More specifically what exactly do the values following C( refer to?
In example if I have a group containing 20 individuals from which 1000 different proteins are analyzed does the first number following protein = c( represent the amount of individuals selected (in this case 10) and the second number the amount of proteins included in the analysis ?
In addition to my previous question:
I have a lot of features (20.000 genes and 3000 metabolites while the groups are relatively small about N=4). What I understand from reading the forum is that it is best to use a more explorative approach based on the separation achieved by the plot.indiv and plot.diablo functions. Using all features versus using a small number of features (100-500) gives more or less a similar separation between groups and the separation is perfectly in line with what we expect.
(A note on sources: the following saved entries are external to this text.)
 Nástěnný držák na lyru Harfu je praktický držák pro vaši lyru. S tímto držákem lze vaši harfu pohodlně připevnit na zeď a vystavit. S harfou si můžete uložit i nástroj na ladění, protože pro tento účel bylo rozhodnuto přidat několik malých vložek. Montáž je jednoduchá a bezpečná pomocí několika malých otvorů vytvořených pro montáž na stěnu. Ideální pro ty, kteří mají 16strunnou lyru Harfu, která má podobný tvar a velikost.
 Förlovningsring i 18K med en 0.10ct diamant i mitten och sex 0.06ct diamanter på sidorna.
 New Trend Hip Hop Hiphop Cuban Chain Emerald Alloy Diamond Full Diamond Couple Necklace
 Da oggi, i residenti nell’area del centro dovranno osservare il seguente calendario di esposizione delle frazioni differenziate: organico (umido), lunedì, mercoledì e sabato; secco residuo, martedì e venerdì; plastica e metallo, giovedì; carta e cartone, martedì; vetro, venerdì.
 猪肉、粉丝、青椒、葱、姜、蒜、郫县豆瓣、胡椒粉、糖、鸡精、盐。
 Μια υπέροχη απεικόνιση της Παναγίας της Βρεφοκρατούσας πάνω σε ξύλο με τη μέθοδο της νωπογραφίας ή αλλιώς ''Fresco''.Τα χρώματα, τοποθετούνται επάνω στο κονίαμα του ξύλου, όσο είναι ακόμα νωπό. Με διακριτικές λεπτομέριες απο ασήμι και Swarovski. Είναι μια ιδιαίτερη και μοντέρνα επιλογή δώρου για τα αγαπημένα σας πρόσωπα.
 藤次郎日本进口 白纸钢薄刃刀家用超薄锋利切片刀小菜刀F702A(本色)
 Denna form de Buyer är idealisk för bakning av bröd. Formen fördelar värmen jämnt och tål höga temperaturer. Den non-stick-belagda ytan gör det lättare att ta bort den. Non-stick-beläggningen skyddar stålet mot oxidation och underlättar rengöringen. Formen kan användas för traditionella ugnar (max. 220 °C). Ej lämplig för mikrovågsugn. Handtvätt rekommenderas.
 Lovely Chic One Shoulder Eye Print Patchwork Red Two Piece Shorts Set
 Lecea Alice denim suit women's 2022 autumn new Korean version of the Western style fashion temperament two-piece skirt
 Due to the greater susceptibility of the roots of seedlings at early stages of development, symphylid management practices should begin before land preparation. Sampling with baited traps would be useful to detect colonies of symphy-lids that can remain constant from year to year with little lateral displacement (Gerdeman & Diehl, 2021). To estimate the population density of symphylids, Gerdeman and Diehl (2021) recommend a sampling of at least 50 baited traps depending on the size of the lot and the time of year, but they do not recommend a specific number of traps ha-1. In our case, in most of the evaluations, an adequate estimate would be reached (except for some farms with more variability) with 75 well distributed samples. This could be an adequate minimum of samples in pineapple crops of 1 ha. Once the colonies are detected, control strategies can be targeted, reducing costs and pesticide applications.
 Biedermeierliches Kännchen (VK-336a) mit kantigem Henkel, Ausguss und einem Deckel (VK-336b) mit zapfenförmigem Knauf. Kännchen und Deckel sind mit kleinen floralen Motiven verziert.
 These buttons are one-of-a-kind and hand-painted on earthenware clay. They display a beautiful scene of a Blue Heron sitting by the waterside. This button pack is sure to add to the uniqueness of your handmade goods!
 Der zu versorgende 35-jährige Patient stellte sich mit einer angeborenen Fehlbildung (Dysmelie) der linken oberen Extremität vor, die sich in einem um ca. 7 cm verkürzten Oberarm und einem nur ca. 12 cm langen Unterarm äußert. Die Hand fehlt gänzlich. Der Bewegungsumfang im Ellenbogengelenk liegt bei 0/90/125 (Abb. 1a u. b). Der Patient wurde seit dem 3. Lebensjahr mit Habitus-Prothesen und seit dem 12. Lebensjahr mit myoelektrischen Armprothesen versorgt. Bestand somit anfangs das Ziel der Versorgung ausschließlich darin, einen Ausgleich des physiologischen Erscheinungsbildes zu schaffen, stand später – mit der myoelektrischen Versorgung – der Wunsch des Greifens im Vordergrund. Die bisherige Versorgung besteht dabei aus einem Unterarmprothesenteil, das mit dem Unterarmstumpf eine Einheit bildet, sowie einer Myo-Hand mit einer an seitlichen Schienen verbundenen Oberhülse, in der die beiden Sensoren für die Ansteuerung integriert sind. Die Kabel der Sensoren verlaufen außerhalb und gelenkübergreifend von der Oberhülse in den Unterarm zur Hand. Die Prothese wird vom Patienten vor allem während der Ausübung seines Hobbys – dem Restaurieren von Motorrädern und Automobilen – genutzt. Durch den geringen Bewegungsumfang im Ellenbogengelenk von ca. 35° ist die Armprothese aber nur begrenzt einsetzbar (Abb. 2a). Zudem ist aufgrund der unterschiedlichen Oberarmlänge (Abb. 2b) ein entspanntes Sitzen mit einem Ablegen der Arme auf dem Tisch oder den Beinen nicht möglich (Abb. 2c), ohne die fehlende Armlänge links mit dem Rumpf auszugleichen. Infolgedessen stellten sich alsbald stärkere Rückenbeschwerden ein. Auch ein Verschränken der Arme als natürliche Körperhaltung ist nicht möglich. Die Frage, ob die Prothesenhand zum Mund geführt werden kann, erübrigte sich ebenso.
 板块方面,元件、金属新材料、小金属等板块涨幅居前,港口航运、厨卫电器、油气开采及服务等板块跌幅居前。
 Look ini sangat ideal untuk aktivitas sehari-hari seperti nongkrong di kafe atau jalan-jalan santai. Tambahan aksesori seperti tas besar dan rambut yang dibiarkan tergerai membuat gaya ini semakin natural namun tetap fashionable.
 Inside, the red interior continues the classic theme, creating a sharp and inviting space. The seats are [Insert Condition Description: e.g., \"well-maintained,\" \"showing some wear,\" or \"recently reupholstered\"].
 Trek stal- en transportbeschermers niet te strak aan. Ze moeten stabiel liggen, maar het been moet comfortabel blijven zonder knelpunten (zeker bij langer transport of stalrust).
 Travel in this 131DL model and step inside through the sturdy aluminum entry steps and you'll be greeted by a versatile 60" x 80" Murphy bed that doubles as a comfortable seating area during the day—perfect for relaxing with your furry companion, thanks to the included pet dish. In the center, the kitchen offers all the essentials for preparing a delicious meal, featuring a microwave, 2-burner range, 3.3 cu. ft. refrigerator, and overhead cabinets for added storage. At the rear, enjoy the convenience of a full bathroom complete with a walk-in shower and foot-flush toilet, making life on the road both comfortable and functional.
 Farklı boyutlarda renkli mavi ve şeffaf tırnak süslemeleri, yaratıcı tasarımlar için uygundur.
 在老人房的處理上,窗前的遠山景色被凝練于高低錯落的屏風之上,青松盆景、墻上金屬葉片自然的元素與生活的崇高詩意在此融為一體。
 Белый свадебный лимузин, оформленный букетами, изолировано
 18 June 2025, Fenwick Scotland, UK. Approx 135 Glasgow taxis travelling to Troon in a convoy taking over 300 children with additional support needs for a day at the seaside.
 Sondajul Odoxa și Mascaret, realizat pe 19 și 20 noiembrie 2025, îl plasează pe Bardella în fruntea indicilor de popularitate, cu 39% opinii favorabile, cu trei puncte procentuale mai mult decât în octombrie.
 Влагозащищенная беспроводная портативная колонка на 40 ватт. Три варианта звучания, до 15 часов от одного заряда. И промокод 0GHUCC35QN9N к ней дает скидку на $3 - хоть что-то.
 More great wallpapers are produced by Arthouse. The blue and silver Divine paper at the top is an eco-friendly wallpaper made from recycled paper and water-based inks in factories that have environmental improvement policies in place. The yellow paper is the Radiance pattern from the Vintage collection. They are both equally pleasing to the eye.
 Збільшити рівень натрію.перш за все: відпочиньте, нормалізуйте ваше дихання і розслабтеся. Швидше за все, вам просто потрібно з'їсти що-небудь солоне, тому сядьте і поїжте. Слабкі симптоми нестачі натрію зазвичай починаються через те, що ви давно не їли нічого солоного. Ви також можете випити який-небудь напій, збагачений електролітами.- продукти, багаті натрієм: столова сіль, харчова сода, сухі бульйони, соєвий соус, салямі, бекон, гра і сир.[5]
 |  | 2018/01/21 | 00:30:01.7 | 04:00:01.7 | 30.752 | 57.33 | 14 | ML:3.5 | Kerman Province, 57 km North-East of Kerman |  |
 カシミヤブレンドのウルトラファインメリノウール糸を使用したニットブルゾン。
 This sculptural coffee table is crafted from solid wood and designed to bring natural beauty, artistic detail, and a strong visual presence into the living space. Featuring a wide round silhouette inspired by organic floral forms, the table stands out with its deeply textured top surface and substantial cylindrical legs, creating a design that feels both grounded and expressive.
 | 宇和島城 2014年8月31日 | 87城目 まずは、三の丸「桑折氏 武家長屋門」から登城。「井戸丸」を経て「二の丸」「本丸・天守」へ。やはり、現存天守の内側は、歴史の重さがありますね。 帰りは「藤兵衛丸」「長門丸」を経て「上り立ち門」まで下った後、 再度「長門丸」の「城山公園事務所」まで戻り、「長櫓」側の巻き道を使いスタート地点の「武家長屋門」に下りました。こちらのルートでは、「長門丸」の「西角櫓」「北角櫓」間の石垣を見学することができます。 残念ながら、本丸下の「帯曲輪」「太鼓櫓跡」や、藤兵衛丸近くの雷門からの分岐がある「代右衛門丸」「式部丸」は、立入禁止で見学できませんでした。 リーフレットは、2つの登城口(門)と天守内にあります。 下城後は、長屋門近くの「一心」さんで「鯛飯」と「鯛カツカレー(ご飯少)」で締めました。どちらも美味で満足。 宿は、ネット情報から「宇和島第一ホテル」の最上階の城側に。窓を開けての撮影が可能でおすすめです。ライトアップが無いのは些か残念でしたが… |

As a result, I understand it is better to use a lower number of features.
However, I want to extract the highest correlating features with a specific variable. (i.e. features correlating highest with glutamine). To perform this task, I saved the circosplot into an object to extract the similarity matrix. I however noticed that using 5000 genes versus 500 genes results in a lot more highly correlating features to glutamine. I understand that this makes sense as the variables best representing the variation between the data may not necessarily overlap with those correlating to a specific feature. Therefor I was wondering if there is a better way to extract the correlation from a specific feature to all other variables (both genes and metabolites).
Have a look at out tutorials on our website and vignette as we explain what those parameters mean.
In this case c(10,5) specifies selecting 10 proteins on component 1 and 5 on component 2.
There is a cutoff correlation value you can set up in the CirCosPlot, if you would like to consider only the top correlated ones with glutamine. But you will have to set the threshold yourself. I’d recommend you only consider the top genes or metabolites, as there is still a risk that you end up with spurious correlations.
The tuning function (your previous question) should help also selecting what might be an optimal number of genes or metabolites.